▶ [Problem] The material below includes pictures; leave them out and return only the lines between the line containing "Ścieżki oznaczone kolorami" and the line containing "Ar-condicionado aconchegante Roupas", inclusive, word for word.

▶ [Source material]
____________________

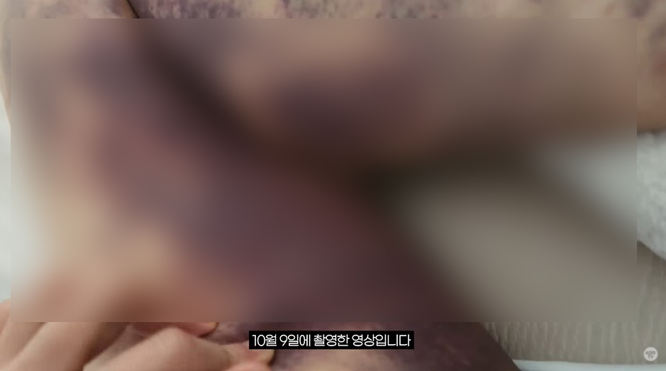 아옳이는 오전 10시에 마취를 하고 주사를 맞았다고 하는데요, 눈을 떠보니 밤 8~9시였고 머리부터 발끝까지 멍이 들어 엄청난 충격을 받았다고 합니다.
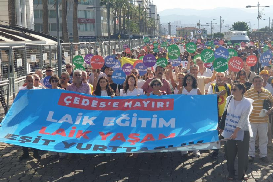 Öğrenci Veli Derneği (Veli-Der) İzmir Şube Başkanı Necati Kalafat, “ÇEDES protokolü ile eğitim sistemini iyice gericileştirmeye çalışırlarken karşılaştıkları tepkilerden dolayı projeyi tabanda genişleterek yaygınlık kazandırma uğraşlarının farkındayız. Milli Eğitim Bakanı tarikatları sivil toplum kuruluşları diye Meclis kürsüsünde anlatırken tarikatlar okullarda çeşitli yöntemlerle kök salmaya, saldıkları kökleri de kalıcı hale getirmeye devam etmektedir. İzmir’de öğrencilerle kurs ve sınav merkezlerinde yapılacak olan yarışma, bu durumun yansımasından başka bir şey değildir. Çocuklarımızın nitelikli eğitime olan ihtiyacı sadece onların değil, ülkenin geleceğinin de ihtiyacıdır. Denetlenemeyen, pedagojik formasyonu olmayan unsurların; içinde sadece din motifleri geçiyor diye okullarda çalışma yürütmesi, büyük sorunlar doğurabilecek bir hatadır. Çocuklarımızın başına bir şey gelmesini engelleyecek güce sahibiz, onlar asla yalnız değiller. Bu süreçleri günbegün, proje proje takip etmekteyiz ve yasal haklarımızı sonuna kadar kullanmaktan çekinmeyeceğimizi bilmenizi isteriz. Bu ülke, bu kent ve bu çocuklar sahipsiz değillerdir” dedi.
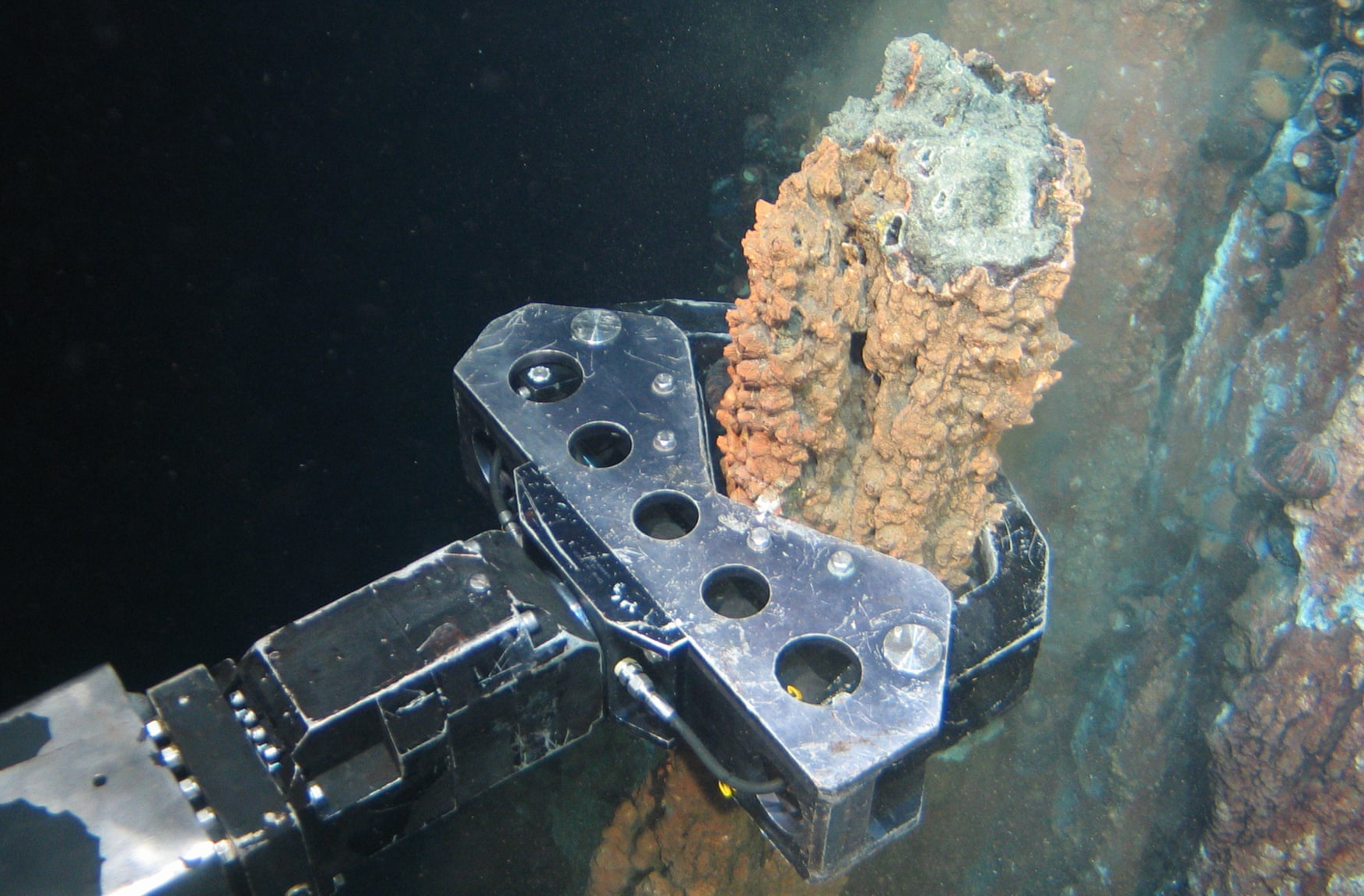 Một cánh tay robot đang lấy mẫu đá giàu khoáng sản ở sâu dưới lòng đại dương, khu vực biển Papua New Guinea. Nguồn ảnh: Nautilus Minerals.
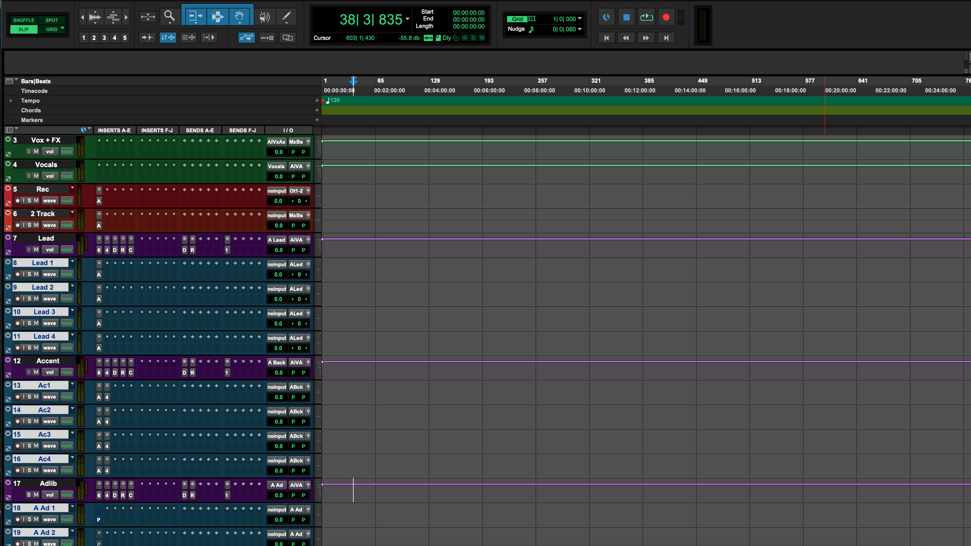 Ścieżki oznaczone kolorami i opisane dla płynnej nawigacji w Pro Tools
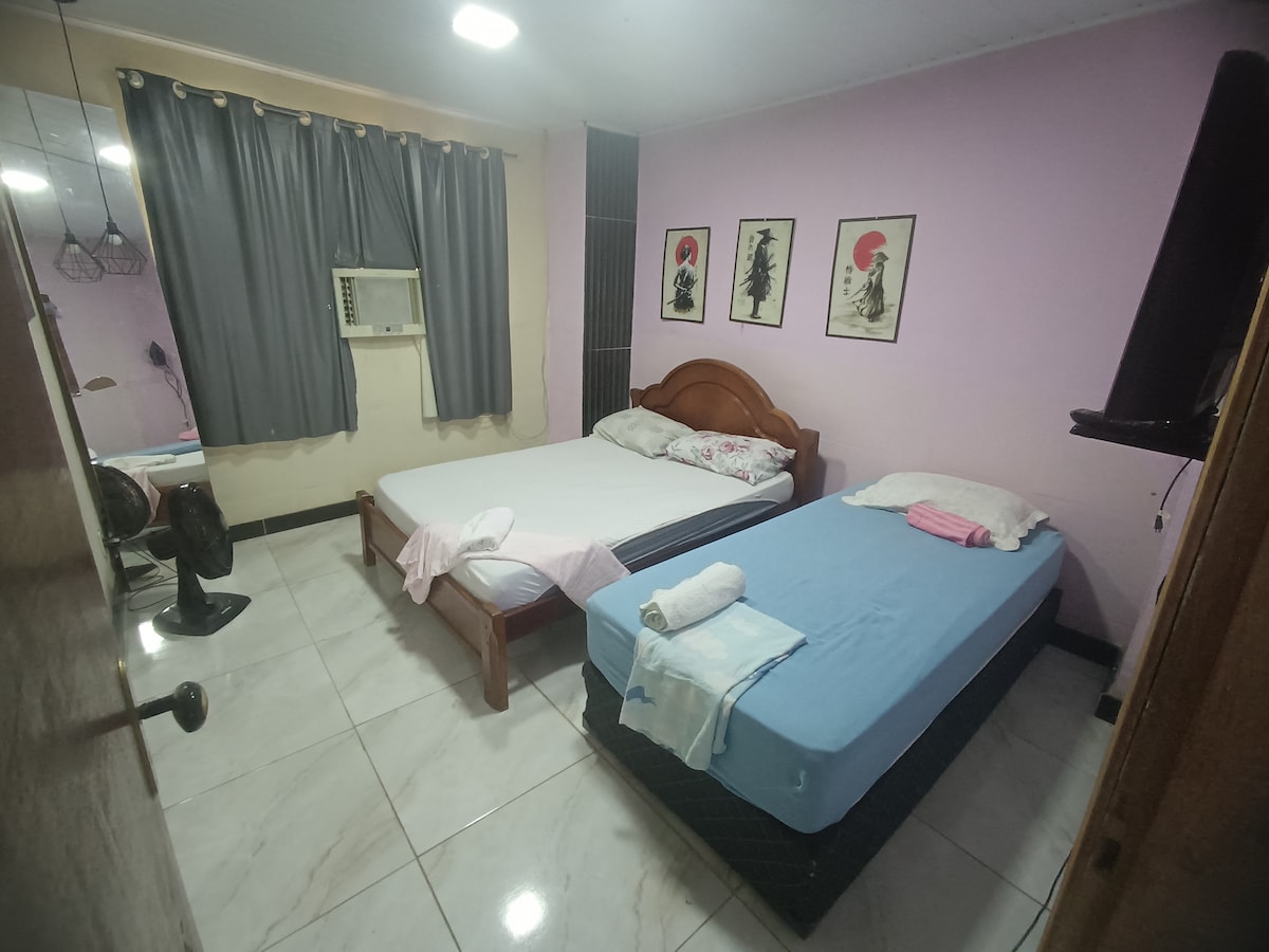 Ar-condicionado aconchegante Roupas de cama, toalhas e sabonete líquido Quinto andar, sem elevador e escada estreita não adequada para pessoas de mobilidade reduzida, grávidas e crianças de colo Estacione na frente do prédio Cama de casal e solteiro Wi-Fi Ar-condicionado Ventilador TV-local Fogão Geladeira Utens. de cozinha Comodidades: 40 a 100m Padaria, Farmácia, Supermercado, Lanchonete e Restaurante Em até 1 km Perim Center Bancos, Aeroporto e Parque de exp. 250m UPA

____________________

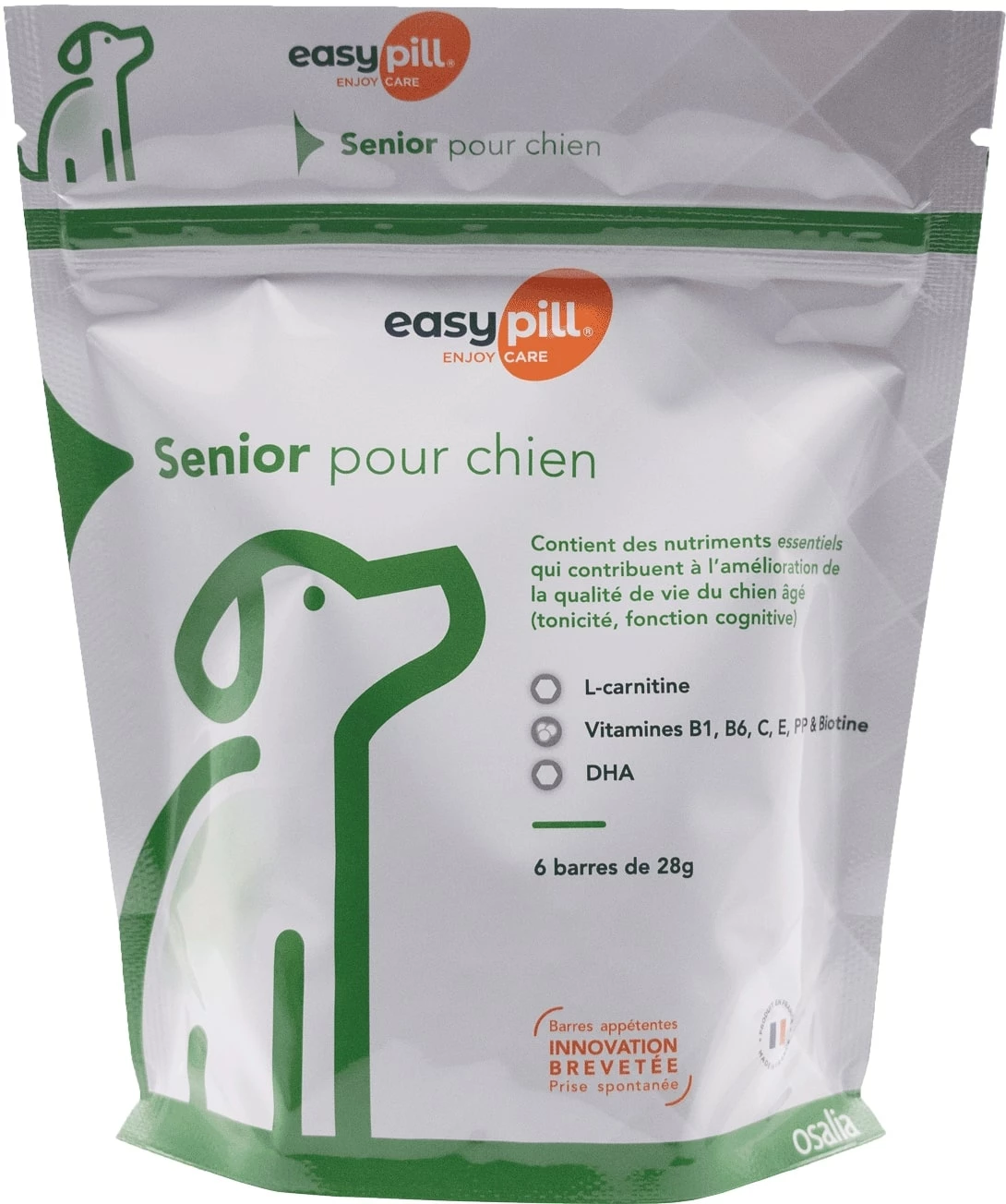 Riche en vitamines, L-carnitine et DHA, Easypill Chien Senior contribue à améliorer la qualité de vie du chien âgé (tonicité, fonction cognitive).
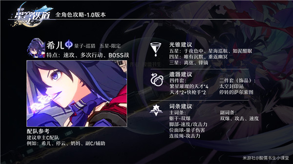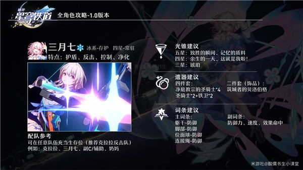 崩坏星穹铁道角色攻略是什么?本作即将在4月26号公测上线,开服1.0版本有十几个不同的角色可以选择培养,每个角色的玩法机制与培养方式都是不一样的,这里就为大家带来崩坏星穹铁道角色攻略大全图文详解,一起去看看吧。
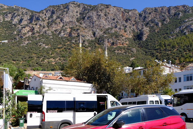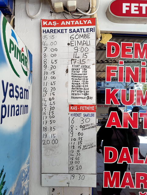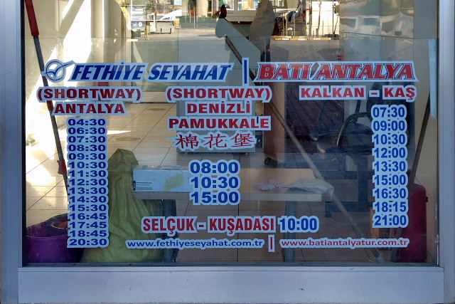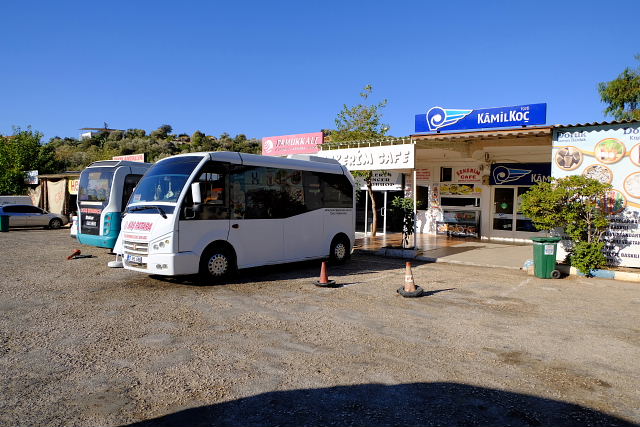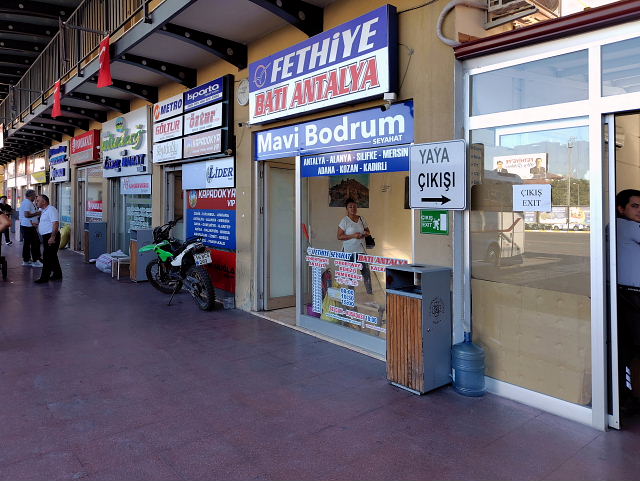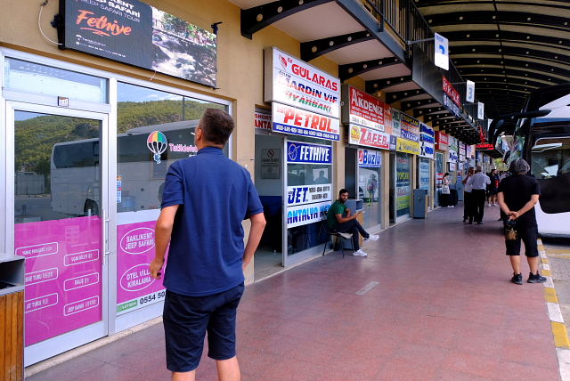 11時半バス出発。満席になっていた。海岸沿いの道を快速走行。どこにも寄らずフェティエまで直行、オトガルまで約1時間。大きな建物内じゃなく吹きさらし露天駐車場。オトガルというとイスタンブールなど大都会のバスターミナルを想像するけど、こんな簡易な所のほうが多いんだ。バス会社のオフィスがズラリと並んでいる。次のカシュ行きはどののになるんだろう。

____________________

▶ [Response]
 Ścieżki oznaczone kolorami i opisane dla płynnej nawigacji w Pro Tools
 Ar-condicionado aconchegante Roupas de cama, toalhas e sabonete líquido Quinto andar, sem elevador e escada estreita não adequada para pessoas de mobilidade reduzida, grávidas e crianças de colo Estacione na frente do prédio Cama de casal e solteiro Wi-Fi Ar-condicionado Ventilador TV-local Fogão Geladeira Utens. de cozinha Comodidades: 40 a 100m Padaria, Farmácia, Supermercado, Lanchonete e Restaurante Em até 1 km Perim Center Bancos, Aeroporto e Parque de exp. 250m UPA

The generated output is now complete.